(Source records)

-.-.-

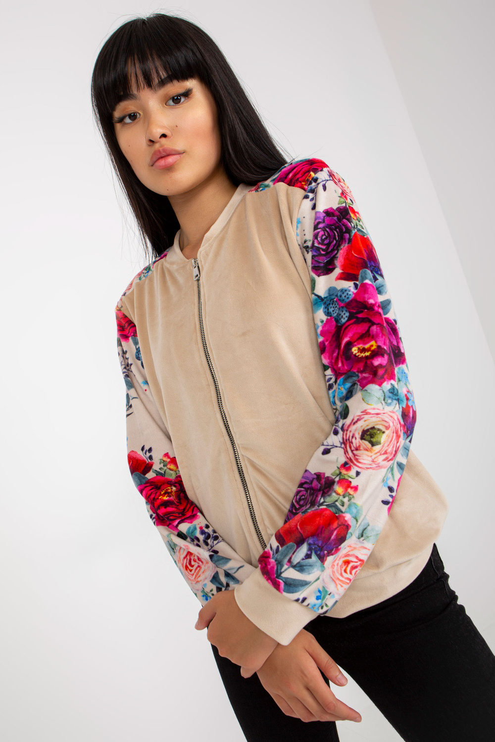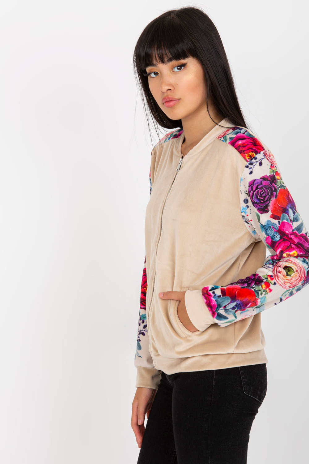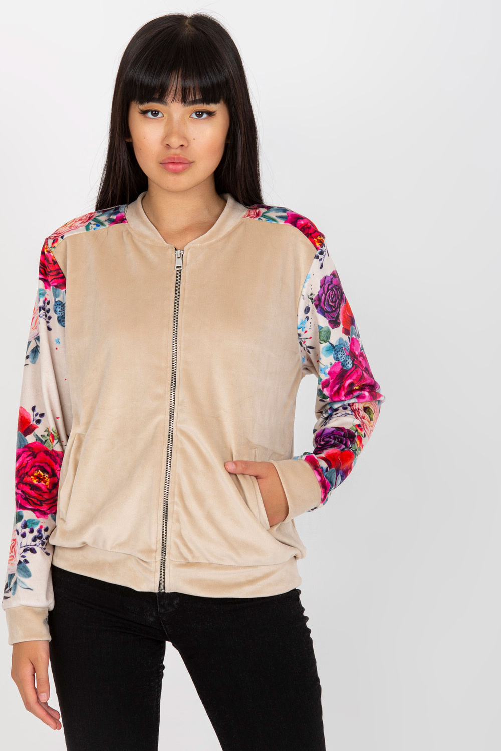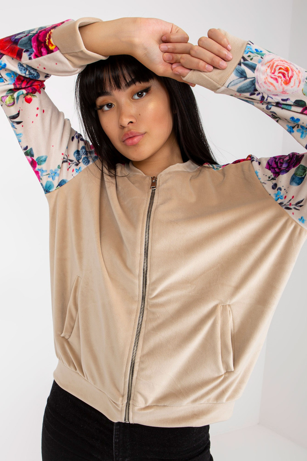 Bēšs bēšs džemperis ar RUE PARIS apdruku.
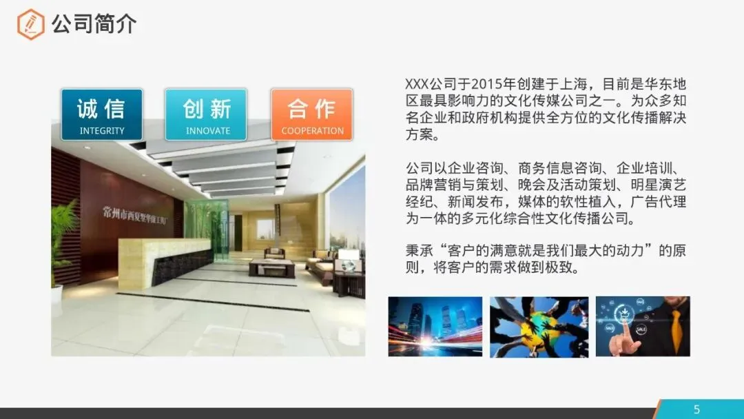 XXX公司于2015年创建于上海,目前是华东地区最具影响力的文化传媒公司之一。为众多知名企业和政府机构提供全方位的文化传播解决方案。
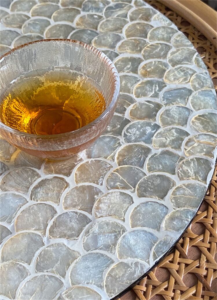 ティータイムのケーキ皿や朝食のフルーツボウルに最適♪ 貝殻の自然なカーブが光を浴びて煌めき、異国リゾートの雰囲気を演出。
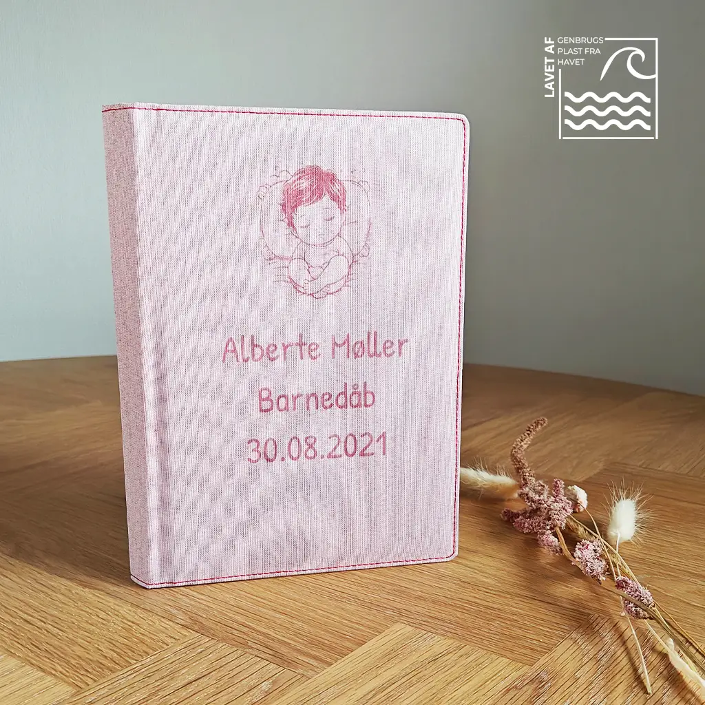 Vores Coral og Sky blue gæstebøgers cover er fremstillet af genbrugsplast fra havet.
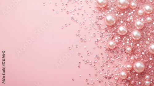 A pastel pink background adorned with sparkling glitter and scattered pearl decorations, creating an elegant design with ample copy space
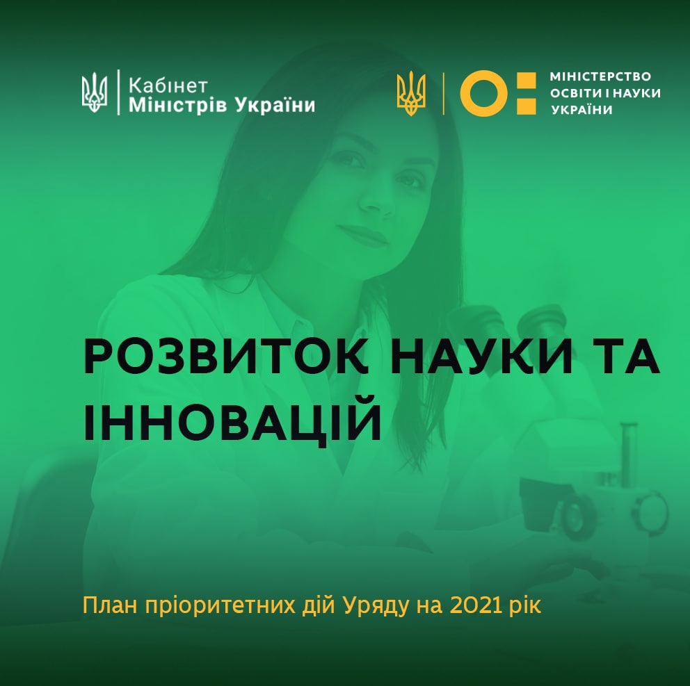 «Основні кроки МОН у сфері науки та технологій на 2021 рік – це насамперед удосконалення нормативно-правових актів – розроблення проєкту Закону України "Про внесення змін до Закону України "Про наукову і науково-технічну експертизу", "Про інноваційні парки", "Про підтримку та розвиток інноваційної діяльності" та законопроєкту щодо врегулювання питань, пов’язаних з функціонуванням Національного фонду досліджень», – зазначив Міністр освіти і науки України Сергій Шкарлет.
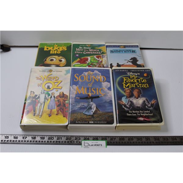 (6) VHS - Wizard of Oz, Bug's Life, Grinch, Sound of Music, Misc.
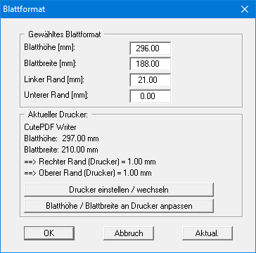 In der Dialogbox sehen Sie hinter dem Wert für den rechten Rand des Druckers die Anzeige "passt nicht!". Wenn Sie hier manuell die Einstellungen ändern, klicken Sie anschließend auf den Knopf "Aktual.". Es werden dann die neuen Werte mit den Druckerwerten verglichen und das Ergebnis angezeigt. Sie können auch nur den linken und unteren Rand vorgeben und über den Knopf "Blatthöhe / Blattbreite an Drucker anpassen" die erforderlichen Größen vom Programm ermitteln lassen.
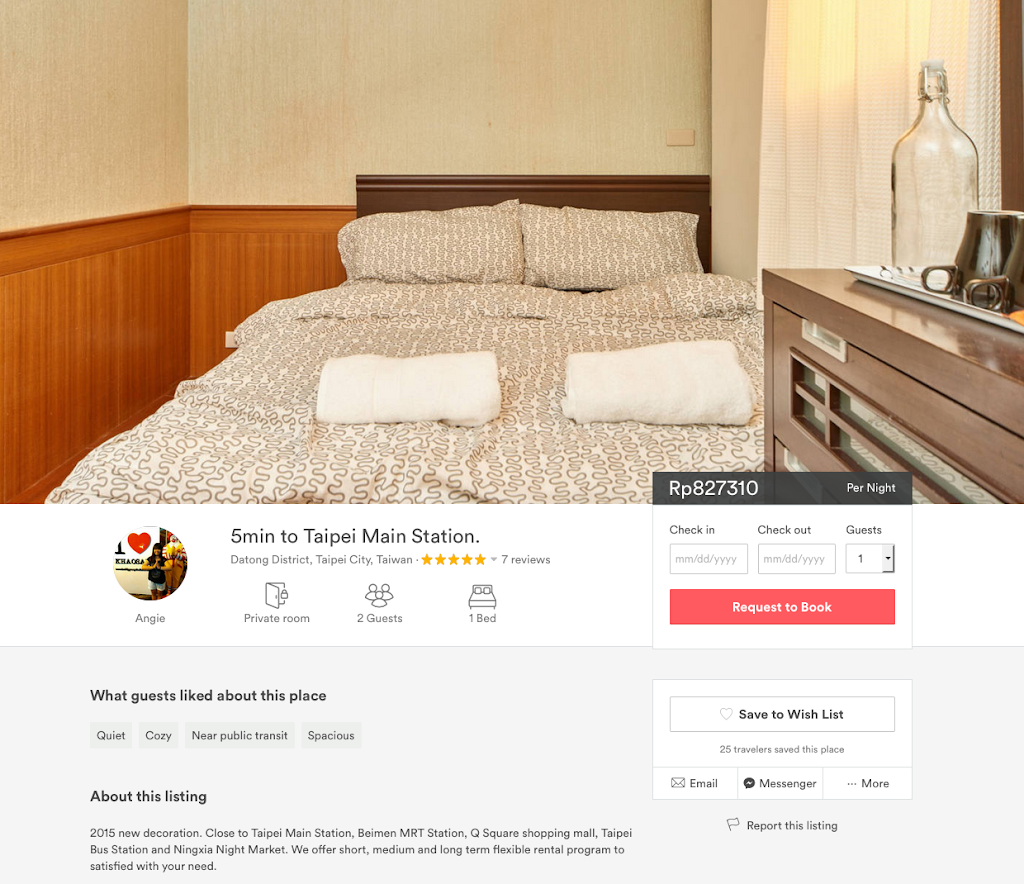 Setelah melihat-lihat pilihan yang ada, saya tertarik memesan kamar privat di apartemen ini: https://www.airbnb.com/rooms/6405228. Lokasinya dekat dengan Taipei main station dan harganya tidak terlalu mahal. Tidak lupa saya cek profil host-nya, tampak meyakinkan kok 🙂

-.-.-

* **Action item**
The output is the lines from the start of the data above through the line containing "In der Dialogbox", unchanged, with any picture left out.

* **Solved problem**
 Bēšs bēšs džemperis ar RUE PARIS apdruku.
 XXX公司于2015年创建于上海,目前是华东地区最具影响力的文化传媒公司之一。为众多知名企业和政府机构提供全方位的文化传播解决方案。
 ティータイムのケーキ皿や朝食のフルーツボウルに最適♪ 貝殻の自然なカーブが光を浴びて煌めき、異国リゾートの雰囲気を演出。
 Vores Coral og Sky blue gæstebøgers cover er fremstillet af genbrugsplast fra havet.
 A pastel pink background adorned with sparkling glitter and scattered pearl decorations, creating an elegant design with ample copy space
 «Основні кроки МОН у сфері науки та технологій на 2021 рік – це насамперед удосконалення нормативно-правових актів – розроблення проєкту Закону України "Про внесення змін до Закону України "Про наукову і науково-технічну експертизу", "Про інноваційні парки", "Про підтримку та розвиток інноваційної діяльності" та законопроєкту щодо врегулювання питань, пов’язаних з функціонуванням Національного фонду досліджень», – зазначив Міністр освіти і науки України Сергій Шкарлет.
 (6) VHS - Wizard of Oz, Bug's Life, Grinch, Sound of Music, Misc.
 In der Dialogbox sehen Sie hinter dem Wert für den rechten Rand des Druckers die Anzeige "passt nicht!". Wenn Sie hier manuell die Einstellungen ändern, klicken Sie anschließend auf den Knopf "Aktual.". Es werden dann die neuen Werte mit den Druckerwerten verglichen und das Ergebnis angezeigt. Sie können auch nur den linken und unteren Rand vorgeben und über den Knopf "Blatthöhe / Blattbreite an Drucker anpassen" die erforderlichen Größen vom Programm ermitteln lassen.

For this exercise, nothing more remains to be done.